• Work required:
With the pictures left out, restate exactly the part below that opens with the line containing "Lend a whimsical" and closes with the line containing "RYB 161,124,197 Color".

• Recorded data:

◆ ◆ ◆ ◆ ◆ ◆ ◆

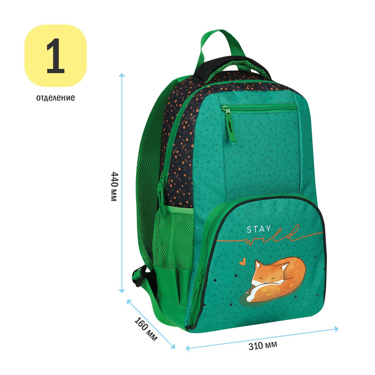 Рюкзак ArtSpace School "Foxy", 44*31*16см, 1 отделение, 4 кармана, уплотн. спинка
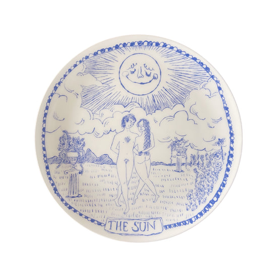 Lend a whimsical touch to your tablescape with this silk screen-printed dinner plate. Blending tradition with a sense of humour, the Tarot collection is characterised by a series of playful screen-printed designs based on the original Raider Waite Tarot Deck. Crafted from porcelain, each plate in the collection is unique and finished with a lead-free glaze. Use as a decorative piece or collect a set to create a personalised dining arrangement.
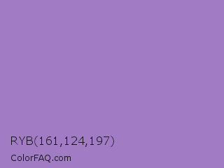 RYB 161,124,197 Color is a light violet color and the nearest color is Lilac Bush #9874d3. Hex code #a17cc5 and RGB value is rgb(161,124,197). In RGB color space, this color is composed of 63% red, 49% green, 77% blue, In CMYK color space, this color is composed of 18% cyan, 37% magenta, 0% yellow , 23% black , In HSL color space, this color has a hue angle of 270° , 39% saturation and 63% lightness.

◆ ◆ ◆ ◆ ◆ ◆ ◆

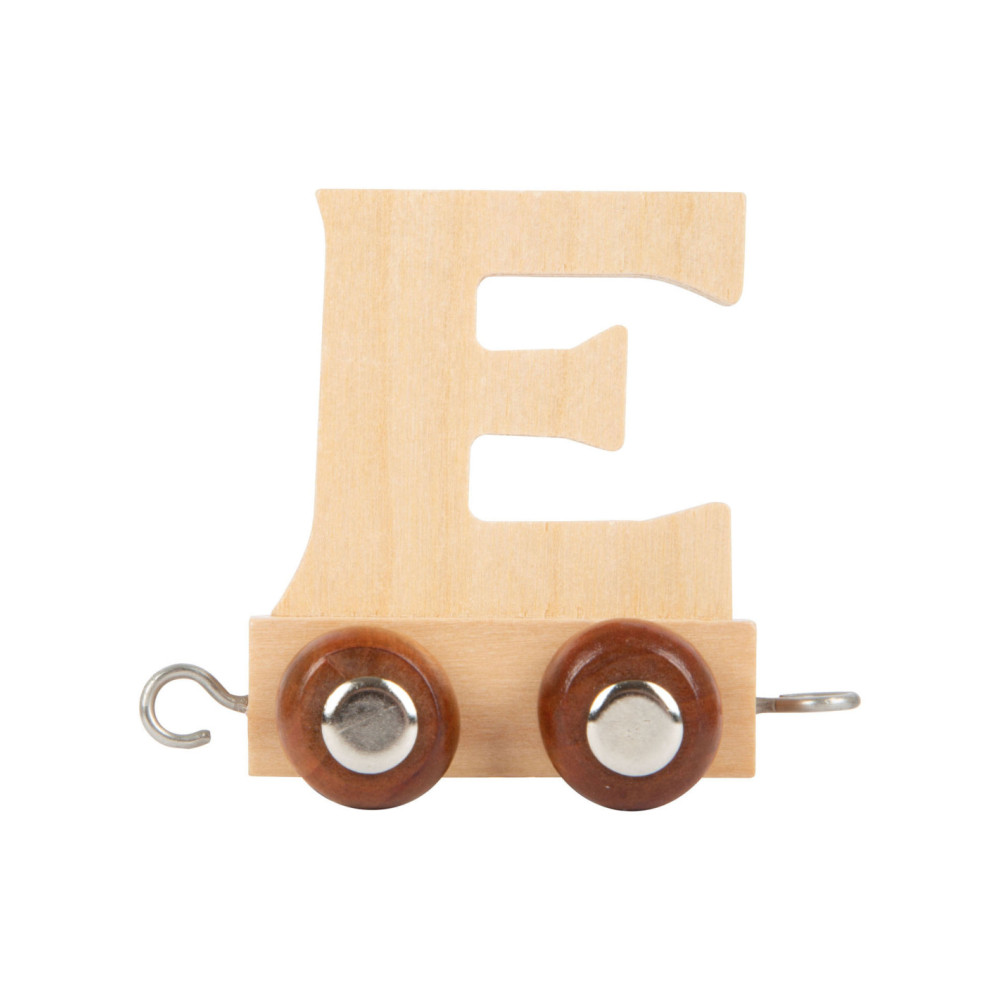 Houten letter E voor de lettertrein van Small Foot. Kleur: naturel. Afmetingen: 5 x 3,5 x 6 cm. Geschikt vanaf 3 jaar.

◆ ◆ ◆ ◆ ◆ ◆ ◆

• Written response:
 Lend a whimsical touch to your tablescape with this silk screen-printed dinner plate. Blending tradition with a sense of humour, the Tarot collection is characterised by a series of playful screen-printed designs based on the original Raider Waite Tarot Deck. Crafted from porcelain, each plate in the collection is unique and finished with a lead-free glaze. Use as a decorative piece or collect a set to create a personalised dining arrangement.
 RYB 161,124,197 Color is a light violet color and the nearest color is Lilac Bush #9874d3. Hex code #a17cc5 and RGB value is rgb(161,124,197). In RGB color space, this color is composed of 63% red, 49% green, 77% blue, In CMYK color space, this color is composed of 18% cyan, 37% magenta, 0% yellow , 23% black , In HSL color space, this color has a hue angle of 270° , 39% saturation and 63% lightness.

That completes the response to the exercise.